P2Forces — scalars/vectors, Newton's laws, momentum, force-extension

Notes

P2 Forces

Scalars and vectors

A scalar has magnitude only. A vector has both magnitude and direction.

ScalarsVectors
Speed, distance, mass, energy, time, temperatureVelocity, displacement, force, acceleration, momentum, weight

Vectors are represented by arrows: length shows magnitude, direction shows direction. To add vectors not in line, draw a scale diagram or use a right-angled triangle + Pythagoras.

Resolving vectors (Higher): split a vector into horizontal and vertical components.

  • F_x = F cos θ (horizontal component)
  • F_y = F sin θ (vertical component)

Forces and Newton's laws

Newton's 1st Law: An object remains at rest or moves at constant velocity unless acted on by a resultant force.

Newton's 2nd Law:

F = ma

where F = resultant force (N), m = mass (kg), a = acceleration (m/s²).

Weight: W = mg where g = 10 N/kg (or 9.8 N/kg if specified).

Newton's 3rd Law: When object A exerts a force on object B, object B exerts an equal and opposite force on object A (same type, same line of action, but opposite direction).

Free body diagrams

Draw a dot representing the object.
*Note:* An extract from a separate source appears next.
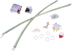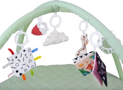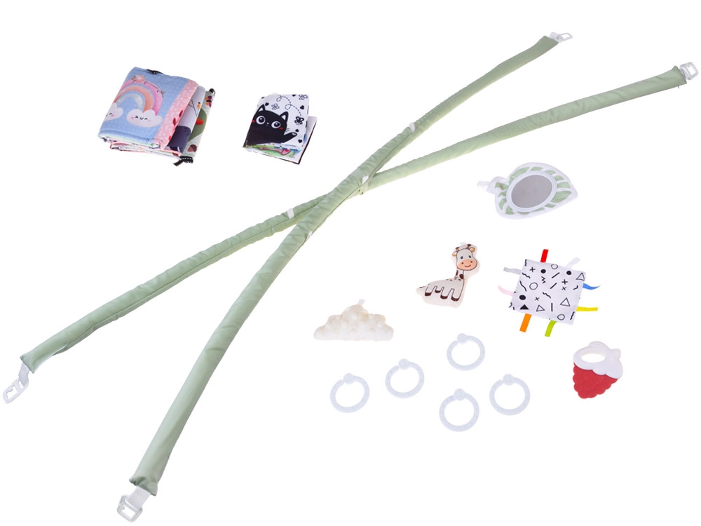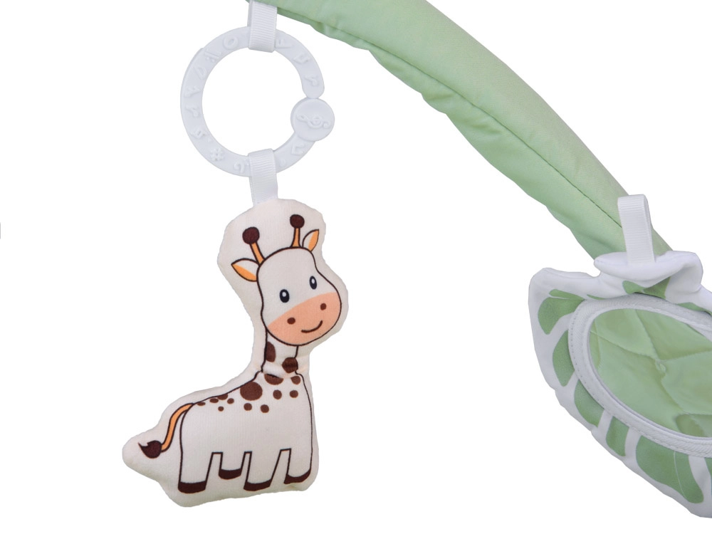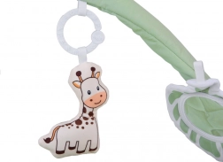 Dwa elastyczne pałąki można łatwo odpiąć do prania lub na czas podróży. Zawieszki – gryzak, chmurka, żyrafa i szeleszczące kwadraty – zachęcają do sięgania oraz rozwijają zmysły.

Draw all forces as arrows from the dot, labelled with magnitude and direction. Check whether the resultant is zero (equilibrium) or non-zero (acceleration).

Terminal velocity: when drag = driving force, resultant = 0, acceleration = 0, constant velocity is reached.

Momentum

Momentum (p) = mass × velocity:

p = mv (kg m/s)

Conservation of momentum: in a closed system (no external forces), total momentum before a collision = total momentum after.

m₁u₁ + m₂u₂ = m₁v₁ + m₂v₂

Impulse (Higher):

Impulse = FΔt = Δp (change in momentum)

Larger impact time → smaller force for same Δp (crumple zones, air bags).
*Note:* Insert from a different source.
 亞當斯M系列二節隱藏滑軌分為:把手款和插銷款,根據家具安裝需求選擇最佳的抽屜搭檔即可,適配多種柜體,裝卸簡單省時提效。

Newton's 2nd law in terms of momentum (Higher):

F = Δp / Δt = m(v − u) / t = ma

Stopping distances

  • Thinking distance = speed × reaction time (affected by: tiredness, alcohol, drugs, distraction).
  • Braking distance = depends on speed², road condition, tyre condition, brake condition (PAG P2.1 — ruler drop for reaction time).
  • Stopping distance = thinking + braking.

Braking distance ∝ v² because KE = ½mv² — doubling speed quadruples KE, so quadruples braking distance.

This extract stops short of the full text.